Moins de trois ans après son entrée dans la vie politique, un an après la création de son parti, le voilà élu au sommet de l’État à seulement 39 ans ! La France et ses outre-mer a vécu un tsunami politique que personne n’avait vu venir quand, il y a encore quelques mois, elle se demandait encore quel vieux routier de la politique allait la gouverner pour les cinq prochaines années.
Voilà maintenant que les législatives approchent (3 et 17 juin au fenua) et déjà le parti du président annonce que 50% des candidats investis seront issus de la société "civile", le reste comme dans bien des partis le seront de la société "si vile".

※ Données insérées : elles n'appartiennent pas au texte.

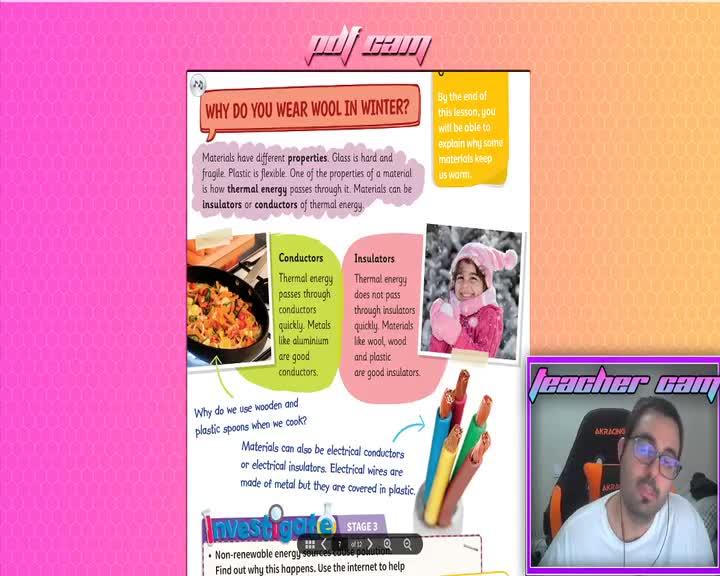 Si la energía térmica pasa muy fácilmente a través de ellos, conductores. Si a la energía térmica le cuesta pasar a través de ellos, aislantes. Ya está. Fácil y sencillo. La energía térmica es tanto el calor como el frío, ¿de acuerdo? Así que eso es todo lo que necesitáis saber.

Et en Polynésie, faut-il attendre un effet miroir ? La vague de renouveau, de jeunisme a-t-elle atteint les grands partis ? Il faut malheureusement croire que non ! Le renouvellement de notre classe politique est plutôt lent, seuls quelques jeunes déjà bien endoctrinés émergent de temps en temps. Certes, ces législatives, pour lesquelles seuls trois strapontins au Palais Bourbon sont disponibles, ne sont pas propices à un renouvellement, ni même les sénatoriales et les deux sièges qu’elles offrent.
Mais combien de nouvelles têtes verrons-nous à Tarahoi en 2018 après les élections territoriales ? Ici, on s’accroche au pouvoir, on reste persuadé que seule l’"expérience" est un atout. Mais de quelle expérience, de quels acquis parle-t-on ? Je ne crois pas avoir lu sur les CV de nos responsables beaucoup de diplômés des grandes écoles de la République. Il n’y a donc que l’expérience du terrain qui prime localement. Ce pays a besoin d’hommes et de femmes à l’image de l’ancien maire de Mahina, Patrice Jamet, pourtant raillé par ses opposants pour son manque d’expérience quand il s’était présenté pour la toute première fois ; ce qui n'a pas empêché la population de lui accorder sa confiance. Il semble cependant que ce soit une exception. L’électeur polynésien ne peut être comparé au métropolitain, les critères de choix ne sont pas les mêmes. Faut-il pour cela rappeler les réélections d’hommes politiques pourtant condamnés par la justice pour détournements de fonds ? Nous sommes bien loin du casier judiciaire vierge réclamé pour être un candidat de La République En Marche. On n’ose l’imaginer ici, le renouveau se ferait pourtant bien plus automatiquement.
Bonne lecture et merci de votre fidélité.